• **Instructions for the task**
Copy out the listing in full, exactly as written, but not its pictures.

== Dataset content

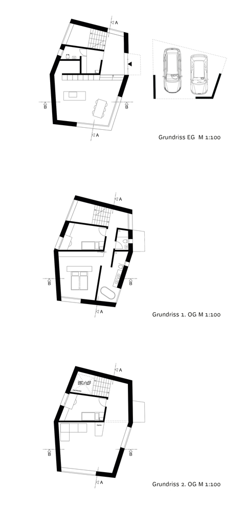 遵循设计一个简单、生态和可持续建筑的初衷,该建筑采用传统的砖结构“未进行隔绝处理”。定位为“被动式住宅”,没有配置新风系统,避免使用不必要的技术措施。由于窗户较深,所以不需要额外的遮阳板。由于面积限制,建筑平面为紧凑的六边形。
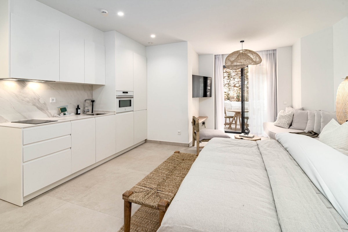 The studio is available for short-term rental, from 1 day up to 45 days, for 2 people or families. We offer additional services such as daily housekeeping and concierge service. It is designed in a contemporary and "chill" style using warm and soft fabrics authentic to the area, offering a bright and clean space.The fully fitted kitchen is equipped with kettle, toaster, coffee maker, fridge, dishwasher, built-in electric oven, a hob and microwave. The studio is equipped with washing machine, Tv, an iron and ironing board supplied for your convenience, cutlery, dishes and cleaning products.
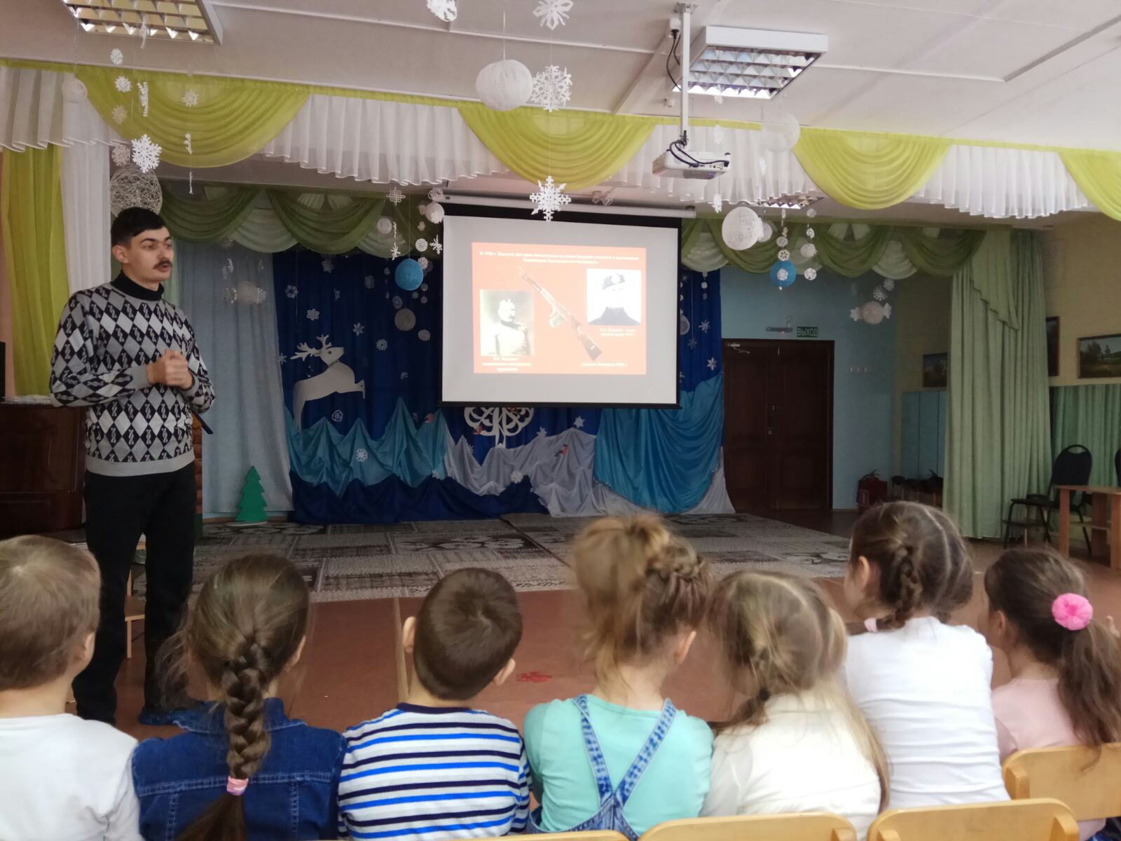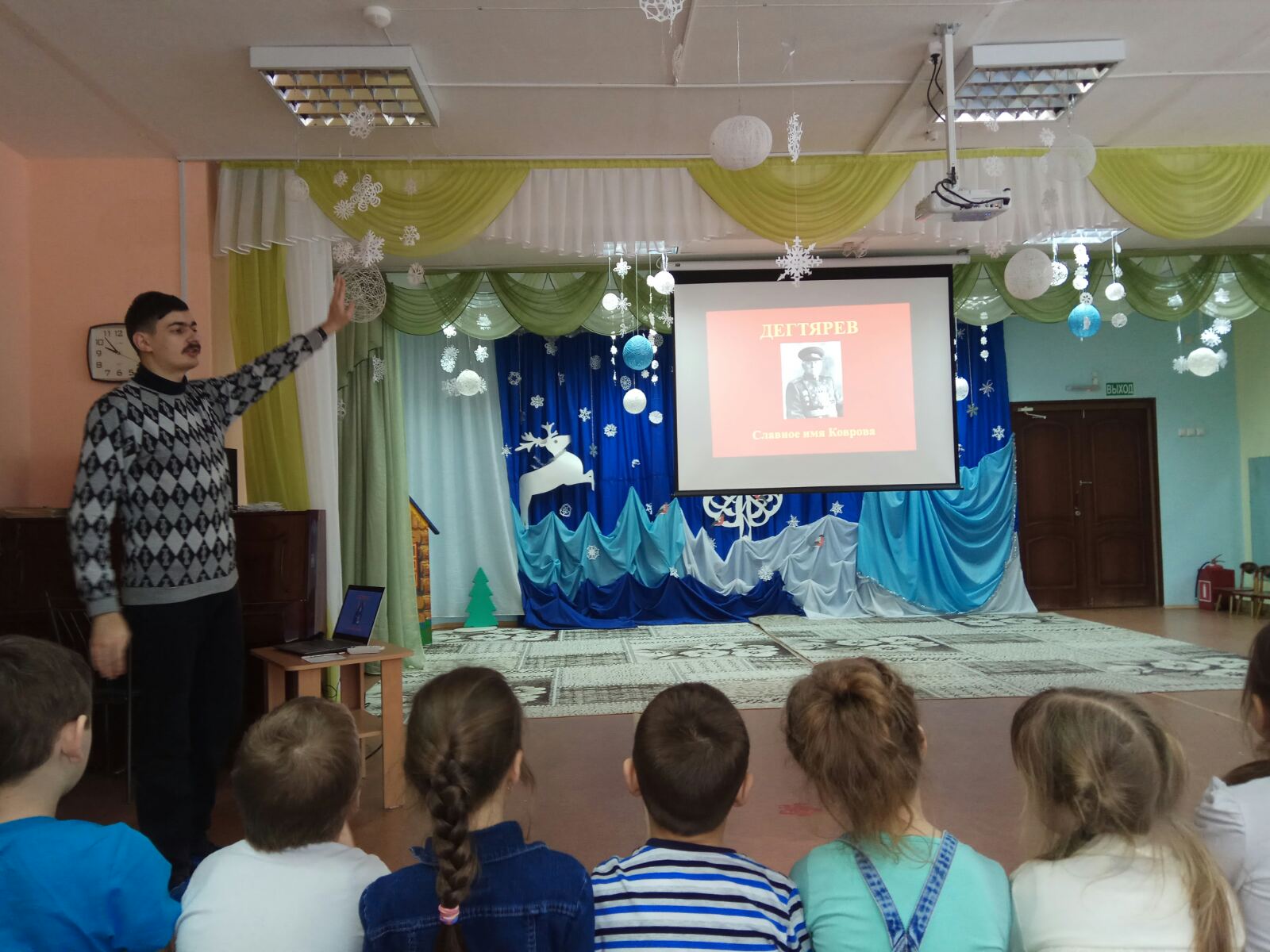 13 февраля 2020 года для подготовительных к школе групп № 8, № 12, № 13, № 17 прошло познавательное занятие "Дегтярев - Славное имя Коврова".

====

• **Your response**
 遵循设计一个简单、生态和可持续建筑的初衷,该建筑采用传统的砖结构“未进行隔绝处理”。定位为“被动式住宅”,没有配置新风系统,避免使用不必要的技术措施。由于窗户较深,所以不需要额外的遮阳板。由于面积限制,建筑平面为紧凑的六边形。
 The studio is available for short-term rental, from 1 day up to 45 days, for 2 people or families. We offer additional services such as daily housekeeping and concierge service. It is designed in a contemporary and "chill" style using warm and soft fabrics authentic to the area, offering a bright and clean space.The fully fitted kitchen is equipped with kettle, toaster, coffee maker, fridge, dishwasher, built-in electric oven, a hob and microwave. The studio is equipped with washing machine, Tv, an iron and ironing board supplied for your convenience, cutlery, dishes and cleaning products.
 13 февраля 2020 года для подготовительных к школе групп № 8, № 12, № 13, № 17 прошло познавательное занятие "Дегтярев - Славное имя Коврова".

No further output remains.